CAPÍTULO XVI

EN LA HERRERÍA

Cada niño tenía sus animales favoritos y también sus aves predilectas de la granja. Sheila, naturalmente, estaba enamorada de sus gallinas, patitos y polluelos. Penny amaba a su borreguito, y a todos los demás. Benjy y Rory sentían una gran pasión por los caballos, por encima de todo.

Los de la granja eran excelentes. Eran caballos Shire, grandotes y pesados, lentos y tremendamente resistentes. Como el padre no poseía mucha maquinaría para las faenas del campo, empleaba mucho a los caballos. Benjy y Rory los amaban de veras.

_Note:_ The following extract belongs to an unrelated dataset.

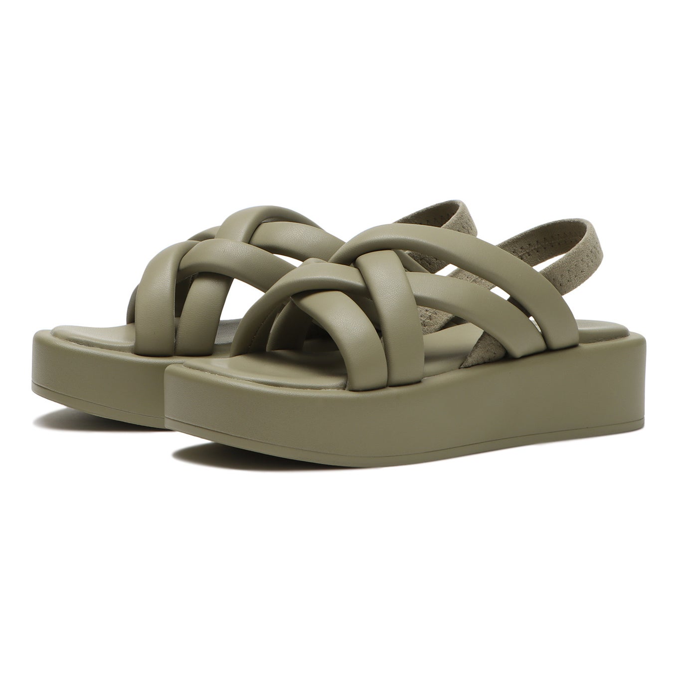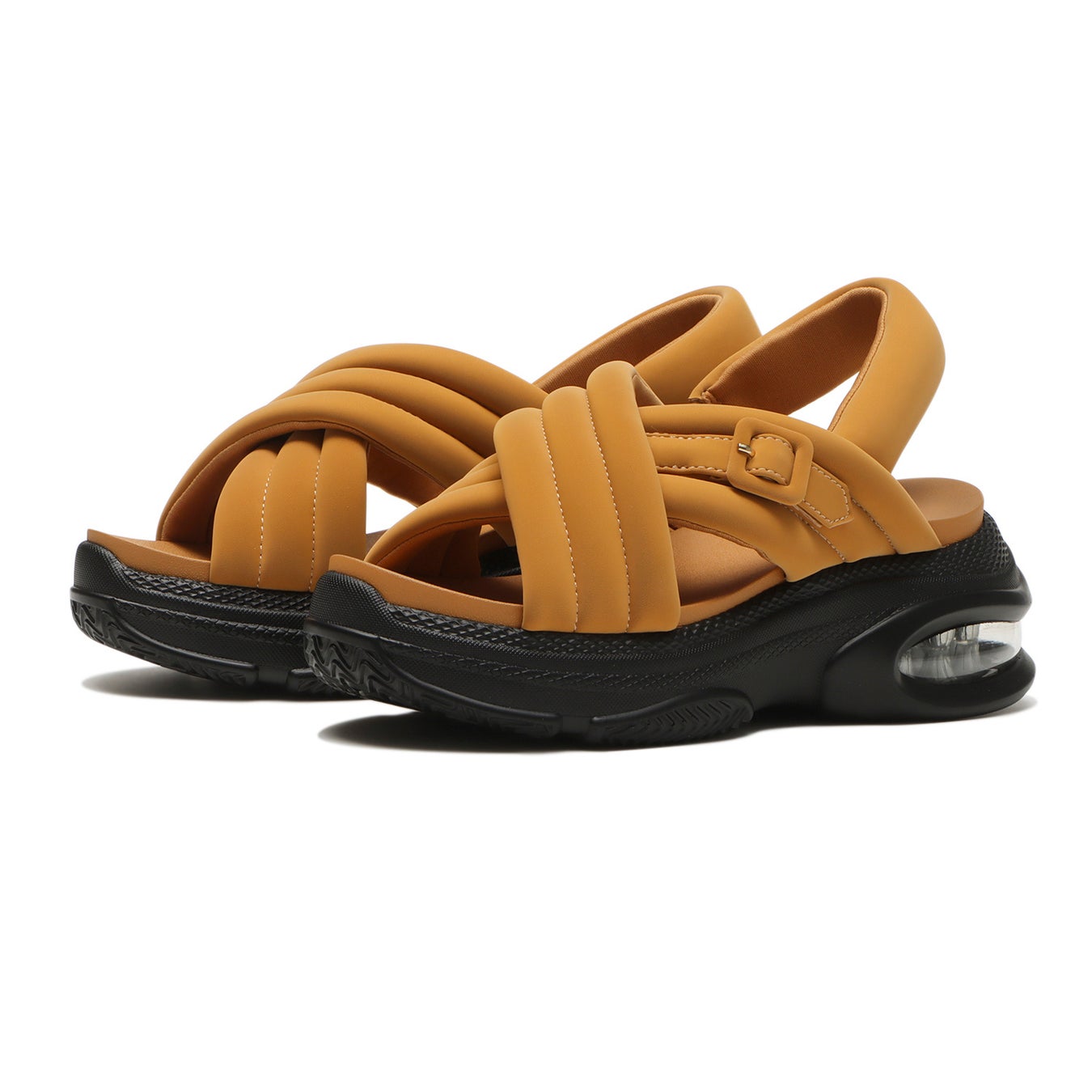 大好評のエア入りソールを使用したボリュームのあるクロスデザイン×スポーティな厚底で、モードなコーディネートにピッタリ。スポーツサンダルなのに、エレガントなムードも醸し出す大人に嬉しいシリーズです。フットベットとソールの組み合わせでクッション性を高め、歩き易さは勿論、厚底脚長効果も期待できます。

Más que ninguno les gustaba Hechicera, la yegua, con sus ojos pardos, cargados de paciencia, y unas pestañas muy largas. Hechicera era una verdadera campesina. Jamás se fatigaba y podía recorrer los campos kilómetros y kilómetros desde el amanecer hasta el crepúsculo. Todos los mozos de la granja estaban contentos de ella, y siempre la obsequiaban con terrones de azúcar.

—Es una buena yegua —se ufanaba Billy, cuando se inclinaba sobre la cerca para contemplarla.

—Sí, estupenda —corroboraba Jim, y los niños que les escuchaban opinaban lo mismo.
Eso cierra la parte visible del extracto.